SOCIAL MEDIA

Saturday 30 April 2016

John Whaite's Fried Butter Beans and Avocado ( plus... pictures from the shoot - Perfect Plates in 5 Ingredients)



I'm not usually one to brag, however, on this one occasion you'll find that this isn't the case as I have quite a bit of stored up information which I can now finally off load to you all. Aahhhh! (Can you hear my sigh of relief?)


Firstly, I can announce that I came 2nd in this year's Pink Lady Food Photographer Of The Year for the young 15-17 category. My photo - 'A Handful of Raspberries' was picked out by the illustrious panel of industry experts from the thousands of worldwide entries (over 7,000 entries to be precise!) and I was lucky enough to be invited to the Mall Galleries in London for the Finalist Awards evening, held on the 26th April 2016. It was a great experience in itself and to be in the same room alongside some of my idols (David Loftus- Jamie Oliver's food photographer, and Jay Rayner) was certainly a highlight for me!
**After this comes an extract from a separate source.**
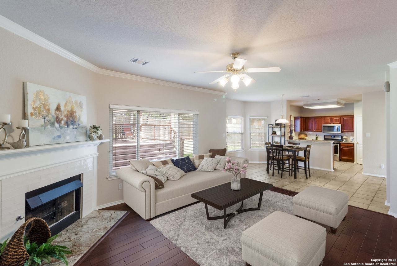 Looking for just the right location? Check out this beauty in the gated community of the Village of Encino Park. Located on oversized .248 lot, this stunning two-story home offers both space, comfort and style. Inside discover 2500 square feet of beautifully designed living space. The open and spacious floor plan flows effortlessly from room to room. The main level features hardwood floors and tile. The living room - dining room combo is the perfect gathering space for family and friends. An attractive kitchen offering gas cooking, modern tile backsplash, and solid countertops, stand in pantry and extra closet space for additional storage. Counter space offers more than enough prep areas. The beauty of natural light enhances the home through the modern and picturesque windows, views of the backyard from the kitchen windows make it easy to keep an eye on kids if needed. Additional features include artist niches, attractive flooring and high ceilings! Gather with family and friends in the second living area which is perfect for game night, movie night and on those cooler evenings be sure to snuggle up with to warmth of the gas burning fireplace. There is no shortage of living space here. Upstairs the primary master suite is more than spacious and has plenty of room to include a relaxing sitting area. Escape to the luxurious bath with separate shower, oversized garden tub, dual vanities, and a colossal walk-in closet. 3 additional generously sized bedrooms, all with walk-in closets. Take in the great outdoors. Whether its hosting BBQ gatherings or chilling out in the gazebo; youll enjoy your time unwinding under the Texas stars. The private lush, park-like backyard is a true sanctuary. Mature shade trees, and plenty of room for outdoor fun. Additional features: ample storage and walk-in closets, Energy-efficient windows and HVAC system, located in desirable community, residents enjoy access to top-rated schools; walk to NEISD Elementary and Middle schools under 10 minutes. Quick and easy access to Highway 281, Loop 1604, shopping, medical and dining. Dont miss this rare opportunity to own a beautiful home with room to grow in one of San Antonios most beloved neighborhoods.

You can view my photo alongside all the other 2016 finalists' here. But if you do have a chance I would really recommend visiting the Mall Galleries, it's open to the public for a free exhibition but hurry as it's only there till the 1st May. 
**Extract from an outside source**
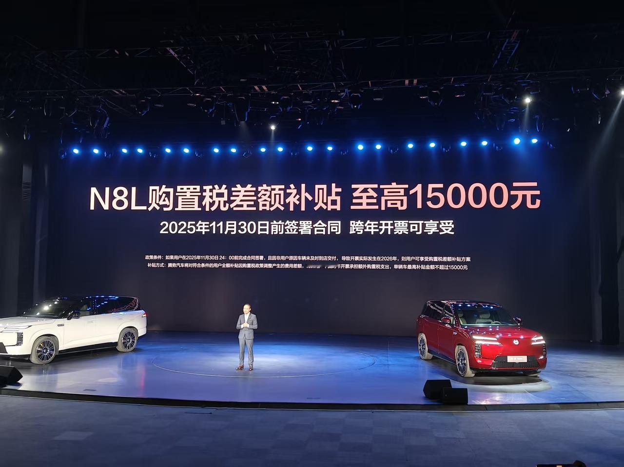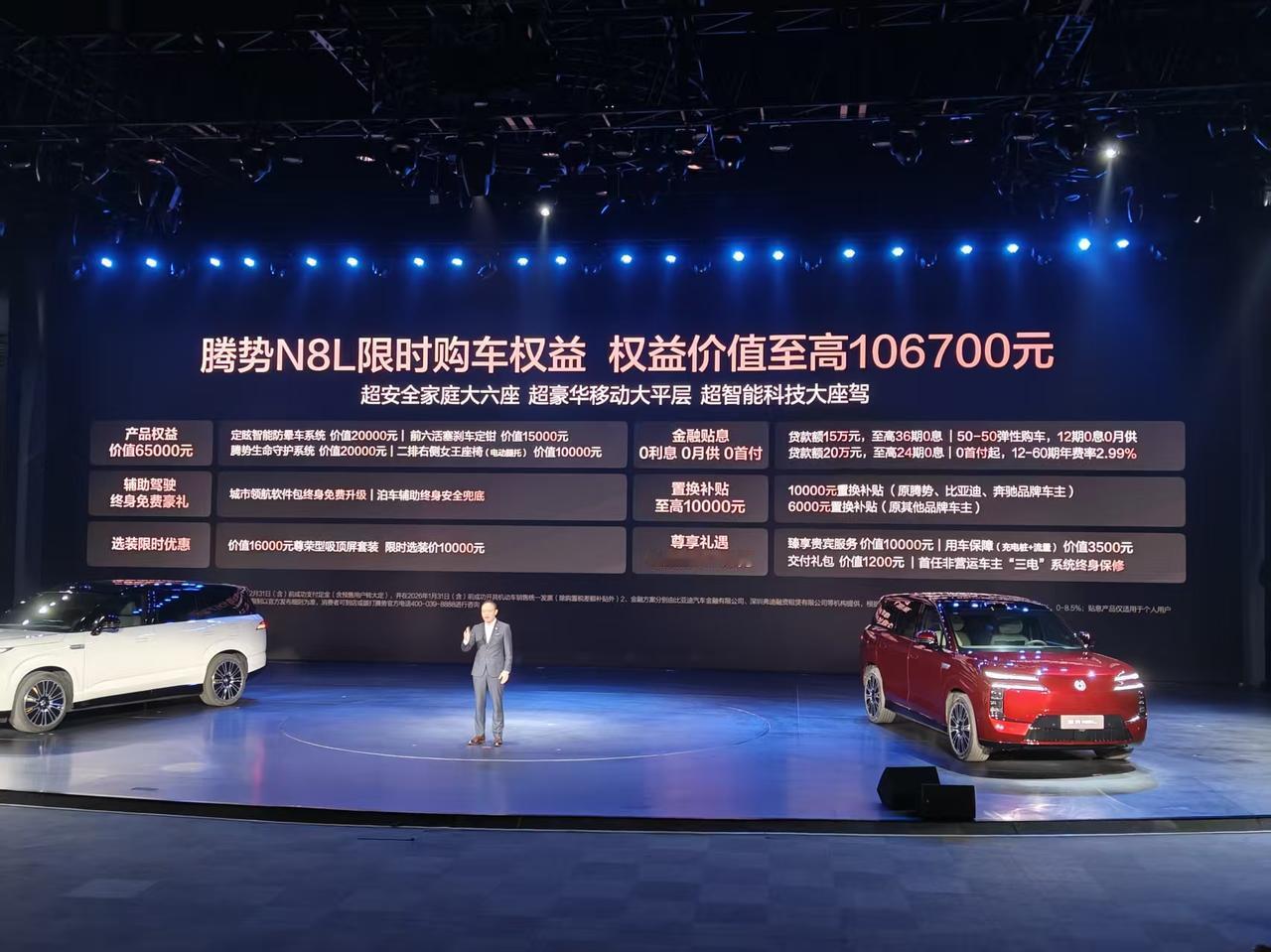 车盟快讯:10月28日,大六座安全豪华SUV腾势N8L正式上市,共推出2款车型,官方指导价29.98万元-32.98万元,全系标配易三方、云辇-A智能空气车身控制系统、2.0T超级混动(零百加速3.9秒,CLTC纯电续航230km/综合续航1300km)、天神之眼B辅助驾驶激光版、定眩智能防晕车系统,还拥有5200*1999*1820mm越级尺寸(三排均宽敞,人均超1㎡,49处储物+51L隐藏后备厢),现在购车享限时至高10.67万元权益(含三年免息、最高1万元置换补贴),2025年11月30日前完成合同签署若因非用户原因跨年开票,还可享至高1.5万元购置税差额补贴,尊荣型17.3英寸超清吸顶屏套装限时选装优惠,在30万级家庭豪华大六座SUV中,能让宝爸享驾控、宝妈从容开停、孩子不无聊、老人轻松舒展的腾势 N8L,作为家庭用户的你是否也动心了?

On another note, this seems like ages ago now, but way back before Christmas time, John Whaite kindly invited me for work experience on shoot for his latest cookbook - 'Perfect plates in 5 Ingredients', published just this month. I picked up invaluable tips and tricks on cooking, food styling and photography, as well having a right good laugh and being able to try every dish going! It went to waste otherwise and so it would be rude not to really...

 Below are a few snapshots from my time spent with everyone on shoot for the book. 

Props...props...props

John and me
LOTS AND LOTS of ingredients on standby - trying out a front book cover shot
John's latest book is pared back but plentiful, from breakfasts to puddings, there's a dish fit for every moment and mood, the brilliant part is that each recipe only requires 5 ingredients (apart from what we call essentials - salt, pepper etc...) but imagine how much of a time saver this is! I always sigh whenever I see a long list of ingredients because firstly I have to check I have them all, and if not - go and buy it, then weight it all out. Effort. 5 ingredients makes everything so much more simpler and that's what's perfect about it.
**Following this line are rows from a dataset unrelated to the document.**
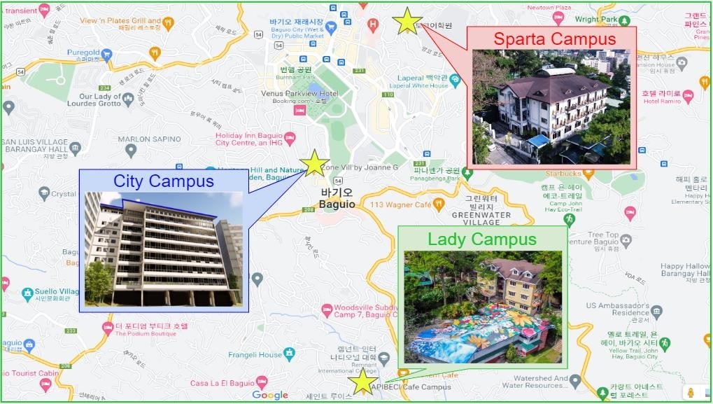 Tháng 10, 2022, Premium City Campus, tọa lạc ở trung tâm thành phố Baguio, gần Burnham Park, sẽ đi vào hoạt động. Đây là campus tuyệt vời dành cho những học viên là người đi làm, freelancers, hay những doanh nhân đang bắt đầu xây dựng doanh nghiệp và tìm kiếm cộng sự cùng học tiếng anh và cùng nhau trao đổi những ý tưởng và dự án kinh doanh mới.
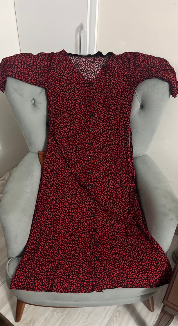 Kırmızı Desenli V Yakalı elbise
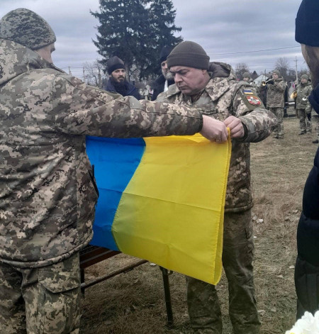 Під час прощання усі, хто був присутній на чині похорону, помолились за упокій душі загиблого воїна та віддали останню шану захиснику, який поліг за нашу незалежність та свободу.
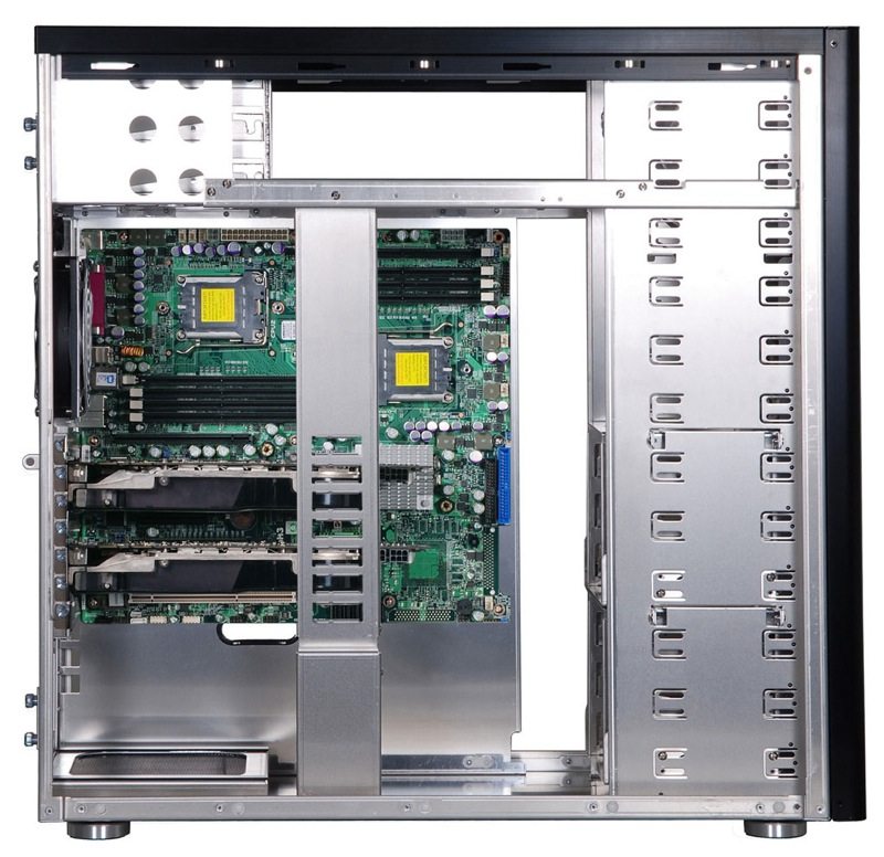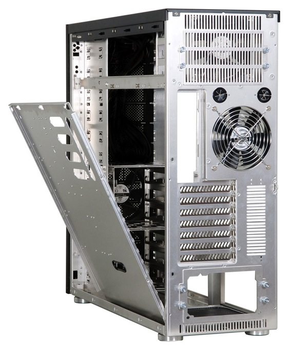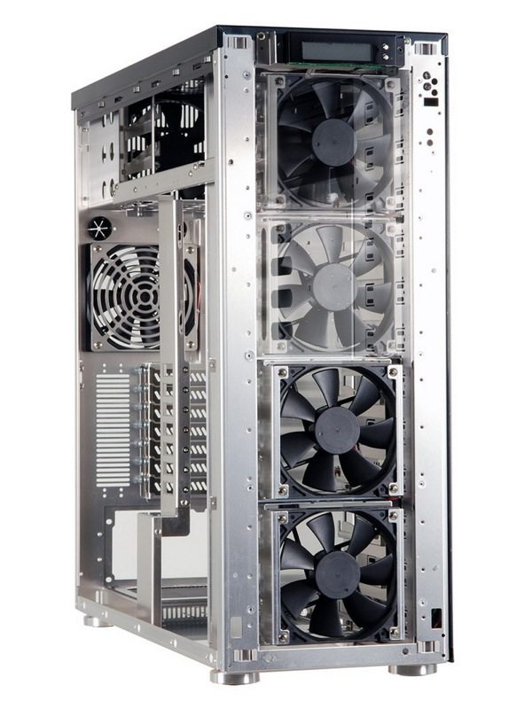 Le célèbre constructeur vient d’annoncer un nouveau boîtier haut de gamme : le PC-A77. Géant, c’est le moins qu’on puisse dire avec des mensurations de 220 x 595 x 590 mm ! Tout en aluminium, ce dernier peut accueillir 12 périphériques 5,25" que vous pourrez utiliser pour vos disques durs 3,5" grâce à l’utilisation de cages à hdd. Côté ventilation tout a bien été pensé. Il dispose en tout de 6 emplacements pour des ventilateurs de 120 mm : 4 en façade, et deux à l’arrière. Quatre ventilateurs seront fournis, tournant entre 1020 et 1500tpm. Le tout sera monitoré par un rhéobus avec un LCD qui est situé en haut de la façade. L’alimentation se placera en haut ou en bas, de préférence en bas puisqu’elle bénéficiera d’une grille spéciale permettant à l’air frais de rentrer. En façade vous trouverez sur la partie supérieure les connectiques suivantes : 4 ports USB 2.0, 1 port FireWire, 1 port e-SATA et les prises audios. Entièrement démontable et configurable à souhait, il devrait être disponible d’ici la fin du mois, pour un prix avoisinant les 300euros… Plus d’images en suite de cette news

Photographer Helen Cathcart hard at work

From literally making my way one spoonful at a time through every recipe in this book, there's this one (Fried Butter Beans and Avocado) that I couldn't wait to try out at home. Mainly because I love a good brunch recipe and it's got avocado's in it!! All good brunch recipes have just got to include avocado in some form or another right?!

In essence, I like the fact that it's another veggie alternative to the classic fry up, wholesome and filling and I'd say healthier too. 


Recipe by John Whaite from Perfect Plates in 5 Ingredients

Fried  Butter  Beans  and  Avocado

Serves 2

Ingredients:

1 medium red onion
400g can butter beans
1 garlic clove
1 ripe Hass avocado
About 4 teaspoons sherry vinegar

Essentials:
50g unsalted butter
sea salt
black pepper

Method

Peel and halve the onion, then slice it as finely as you can manage. In a frying pan heat half the butter over a low gentle heat and when it melts, add in the sliced onion. Add a pinch of salt and 1 tsp of the sherry vinegar. Allow the onions to cook gently and caramelise until soft but not coloured, for about 20 minutes, stirring occasionally. 

Once the onion has cooked, put them aside in a small bowl and then drain the butter beans. Peel and mince the garlic and add it to the frying pan with the drained beans and remaining butter. Fry over a medium heat, tossing frequently until the beans are tender and coloured partially. 

Slice the avocado in half, remove the stone and scoop out the flesh with a spoon. Roughly chop the avocado into pieces. Add the avocado to the pan with the cooked onions and fry for a few minutes longer. Serve onto plates and sprinkle over salt and pepper along with a drizzle of the remaining vinegar to taste.